The Cultural Uses of Print in Early Modern France

The Cultural Uses of Print in Early Modern France
Author :
Publisher : Princeton University Press
Total Pages : 368
Release :
ISBN-10 : 9780691196190
ISBN-13 : 0691196192
Rating : 4/5 (90 Downloads)

Synopsis The Cultural Uses of Print in Early Modern France by : Roger Chartier

The first book-length presentation of Roger Chartier's work in English, this volume provides a vivid example of the new directions of cultural history in France. These essays probe the impact of printing on all social classes of the ancien regime and reveal the surprising range of ways in which texts and pictures were used by audiences with different levels of literacy. Professor Chartier demonstrates that those who attempted to regulate behavior and thought on behalf of church or state, for example, were well aware of the wide influence of the printed word. He finds fascinating evidence of fundamental processes of social control in texts such as the guides to a good death or the treatises on norms of civility, rules that originated at court but that were eventually appropriated in various forms by society as a whole.
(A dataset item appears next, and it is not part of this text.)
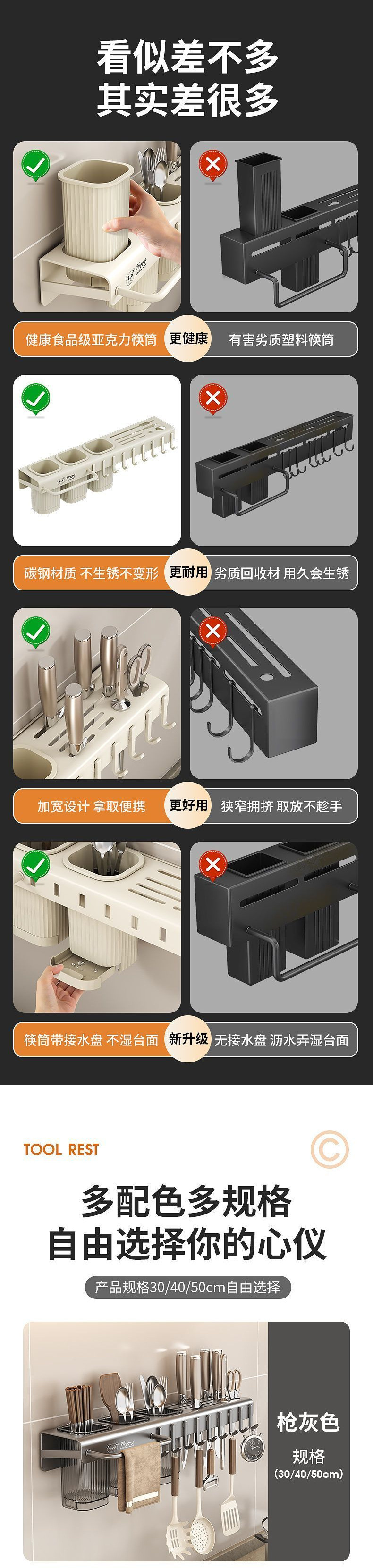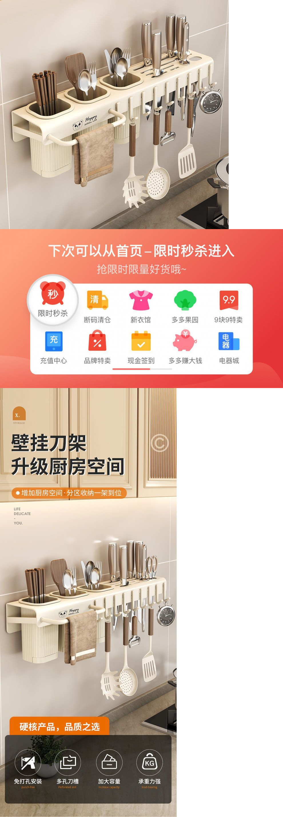 스테인레스 스틸 주방 칼 저장 랙 다기능 비 천공 칼 랙 저장 랙 젓가락 케이지 젓가락 홀더 벽걸이 가방스토어 가기

Essays on the evolution on the fete, on the cahiers de doleances of 1789, and on the early paperback genre known as the Bibliotheque bleue complete the picture of what people read and why and of what was published and what influenced the publishers. These essays offer a critical reappraisal of the complex connections between the new culture of print and the oral and ritual-oriented forms of traditional culture. The reader will discover essential patterns of the cultural evolution of France from the sixteenth to the eighteenth centuries. Roger Chartier is Director of Studies, Ecole des Hautes Etudes en Sciences Sociales in Paris. Originally published in 1988. The Princeton Legacy Library uses the latest print-on-demand technology to again make available previously out-of-print books from the distinguished backlist of Princeton University Press. These editions preserve the original texts of these important books while presenting them in durable paperback and hardcover editions. The goal of the Princeton Legacy Library is to vastly increase access to the rich scholarly heritage found in the thousands of books published by Princeton University Press since its founding in 1905.